Jevons appears to me to make a terrible blunder at this {45} point. He says [1]—“One name which has been given to Logic, namely the Science of Sciences, very aptly describes the all-extensive power of logical principles. The cultivators of special branches of knowledge appear to have been fully aware of the allegiance they owe to the highest of the sciences, for they have usually given names implying this allegiance. The very name of Logic occurs as part of nearly all the names adopted for the sciences, which are often vulgarly called the ‘ologies,’ but are really the ‘logics,’ the ‘o’ being only a connecting vowel or part of the previous word. Thus geology is logic applied to explain the formation of the earth’s crust; biology is logic applied to the phenomena of life; psychology is logic applied to the nature of the mind; and the same is the case with physiology, entomology, zoology, teratology, morphology, anthropology, theology, ecclesiology, thalattology, and the rest. Each science is thus distinctly confessed to be a special logic. The name of Logic itself is derived from the common Greek word λόγος, which usually means word, or the sign and outward manifestation of any inward thought. But the same word was also used to denote the inward thought or reasoning of which words are the expression, and it is thus probably that later Greek writers on reasoning were led to call their science ἐπιστήμη λογική, or logical science, also τέχνη λογική or logical art. [2] The adjective λογική, being used alone, soon came to be the name of the science, just as Mathematic, Rhetoric, and other names ending in ‘ic’ were originally adjectives, but have been converted into substantives.”

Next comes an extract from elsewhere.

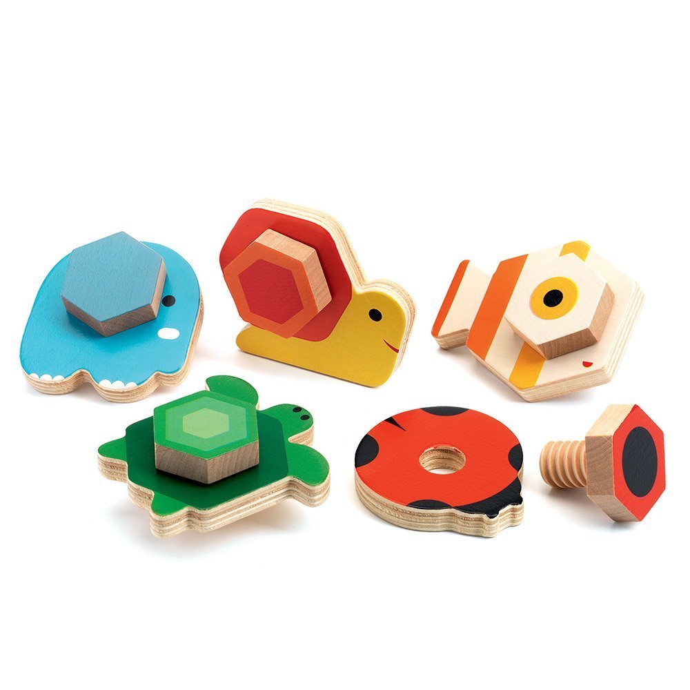 Puzzle de madeira com tartaruga, caracol, peixe, elefante e joaninha. Aparafuse os animais de combinação de cores. Ajuda as crianças a desenvolver suas habilidades e destreza desde a mais tenra idade.
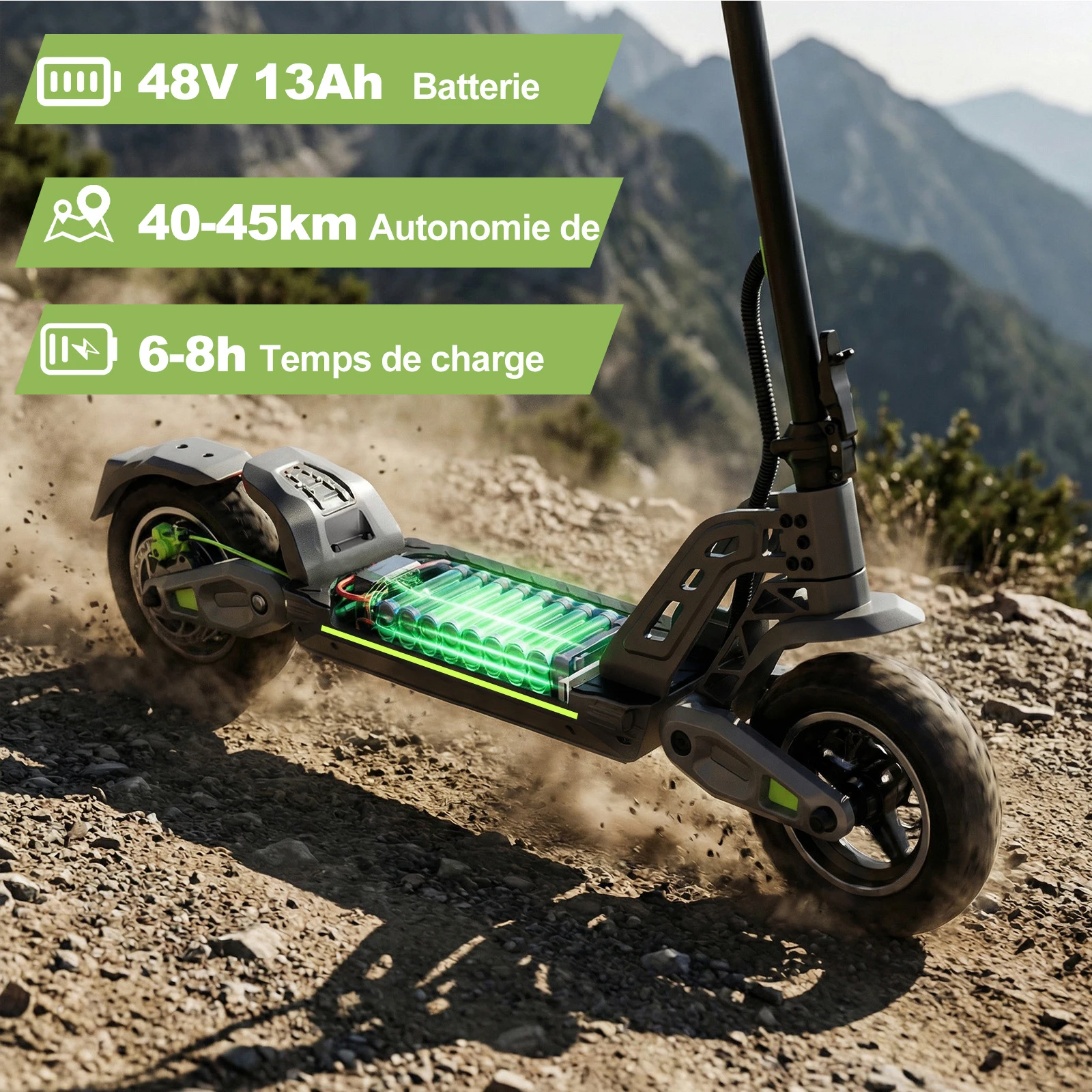 IlMonopattino elettrico TODIMART E6è alimentato da unBatteria 48V 13Ahoffrendo un’autonomia pratica di guida di40-45 chilometriIdeale per il pendolarismo quotidiano e l’uso urbano regolare.

[1] Elementary Lessons, p. 6.
[2] [= “logos”, “episteme logike”, “techne logike” and “logike”. Tr.]
{46} This account of the connection between the name “Logic” and the terminations of the names of the sciences appears precisely wrong. Whatever may have been the exact meaning of the expression “Logic,” or “Logical curriculum,” [1] or “art,” or “science” when first employed, there can be no doubt that the word logical had a substantive reference to that about which the science or teaching in question was to treat. The term “logic,” therefore, corresponds not to the syllables “logy” in such a word as “Zoology,” but to the syllables “Zoo,” which indicate the province of the special science, and not its character as a science. Zoology means connected discourse (λόγος) about living creatures. Logic meant a curriculum, or science or art dealing with connected discourse. The phrase “Science of Sciences,” rightly interpreted, has the same meaning. It does not mean that Logic is a Science which comprises all the special sciences, but that Logic is a Science dealing with those general properties and relations which all sciences qua sciences have in common, but omitting, as from its point of view matter and not form, the particular details of content by which every science answers the particular questions which it asks. It is wild, and most mischievous, to say that “every science is a special logic,” or that “biology is Logic applied to the phenomena of life.” This confusion destroys the whole disinterestedness which is necessary to true scientific Logic, and causes the logical student always to have his eye on puzzles, and special methods, and interferences by which he may teach the student of science how to perform the concrete labour of research. We quite admit that {47} a looker-on may sometimes see more of the game, and no wise investigator would contemn a priori the suggestions of a student like Goethe, or Mill, or Lotze, because their author was not exclusively engaged in the observation of nature. But all this is secondary. The idea that Logic is a judge of scientific results, able to pass sentence, in virtue of some general criterion, upon their validity and invalidity, arises from a deep-lying misconception of the nature of truth which naturally allies itself with the above confusion between Logic and the special sciences.
[1] πραγμάτεια [= pragmateia Tr.]. See Prantl, i. 545.